Materials and Methods

In situ synchrotron high-pressure powder and single-crystal XRD experiments were carried out at the 13 BM-C of the Advanced Photon Source (APS), Argonne National Laboratory (ANL). A monochromatic X-ray with a wavelength of 0.434 Å was used, and the incident X-ray beam was focused to a 15- × 15-μm spot. Silicon oil was used as pressure-transmitting medium. Two ruby balls with diameters on the order of 10 μm were loaded in the sample chamber. The pressure was determined by the ruby luminescence method. The GSAS program was used to refine the obtained experimental powder XRD profiles. For single-crystal experiments, diffraction images were analyzed using the ATREX/RSV software package.

In situ high-pressure Raman measurements were conducted at the Center for High Pressure Science and Technology Advanced Research (HPSTAR), Shanghai. The micro-Raman system is based on an optical microscope (Renishaw microscope, equipped with 5×, 20×, 50×, and 100× short and long working distance microscope objectives) used to focus the excitation light, an inVia Renishaw microscope, and a standard CCD array detector.

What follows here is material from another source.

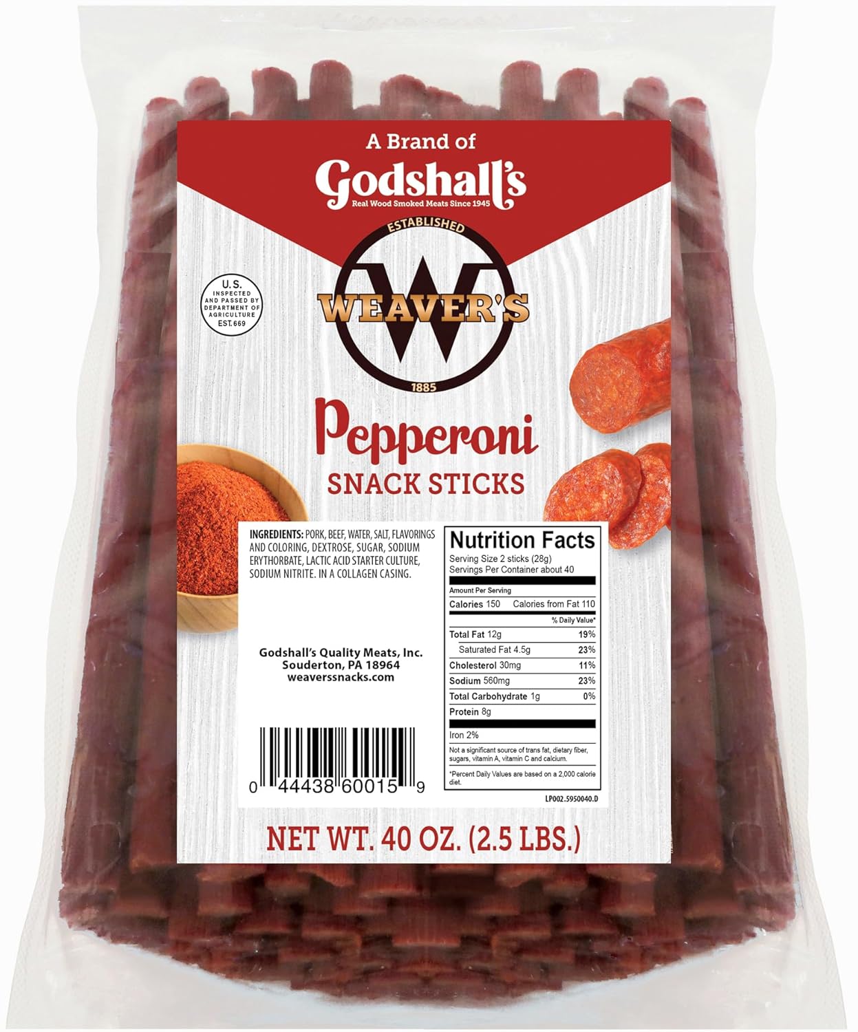 Weaver’s 7" Original Snack Sticks are made with beef and chicken and have a big meaty flavor in every bite. Each 40oz bag includes about 80 sticks. These gluten free snack sticks continue to be a customer favorite year after year. The Daniel Weaver Company has been making quality smoked meats since 1885. Their line of Weaver’s Beef Sticks and Snack Sticks are made in state-of-the-art smokehouses using real wood smoke. With well over a century of experience, The Daniel Weaver Company knows how to make meat snacks right - taste the tradition and experience for yourself.

In situ high-pressure optical absorption spectroscopy was conducted at the experimental station U2A beamline of the National Synchrotron Light Source (NSLS) at Brookhaven National Laboratory (BNL). The visible absorption measurements between 10,000 and 25,000 cm⁻¹ used a customized visible microscope system, whereas the near-IR measurements between 8,000 and 11,000 cm⁻¹ used a Bruker Vertex 80v FT-IR spectrometer coupled to a Hyperion-2000 microscope with a MCT detector and CaF₂ beam splitter. A symmetric type diamond anvil cell (DAC) and a pair of IIa-type diamond anvils with the culets size of 300 µm were used. KBr was used as pressure transmitting medium and the KBr spectra were used to determine an absorbance baseline.

In situ high-pressure photoluminescence measurement was conducted at the Center for Nanoscale Materials (CNM), ANL. To measure static photoluminescence and time-resolved photoluminescence dynamics, single-crystal and polycrystalline samples were photoexcited at 450 nm and 40 nJ/cm² via a 35-ps pulse-width laser diode. PL photons were collected with a lens and directed to a 300-mm focal-length grating spectrograph outfitted with a thermoelectrically cooled CCD and avalanche photodiode with time-correlated single-photon-counting electronics. The sample was loaded in a Mao-type symmetric DAC with a pair of 400-µm culets and placed in a rhenium (Re) gasket hole with a diameter on the order of 200 µm. Silicon oil was used as pressure-transmitting medium, which provided good chemical inertness and hydrostatic conditions.

For detailed information about materials and experimental methods, see SI Appendix, SI Materials and Methods.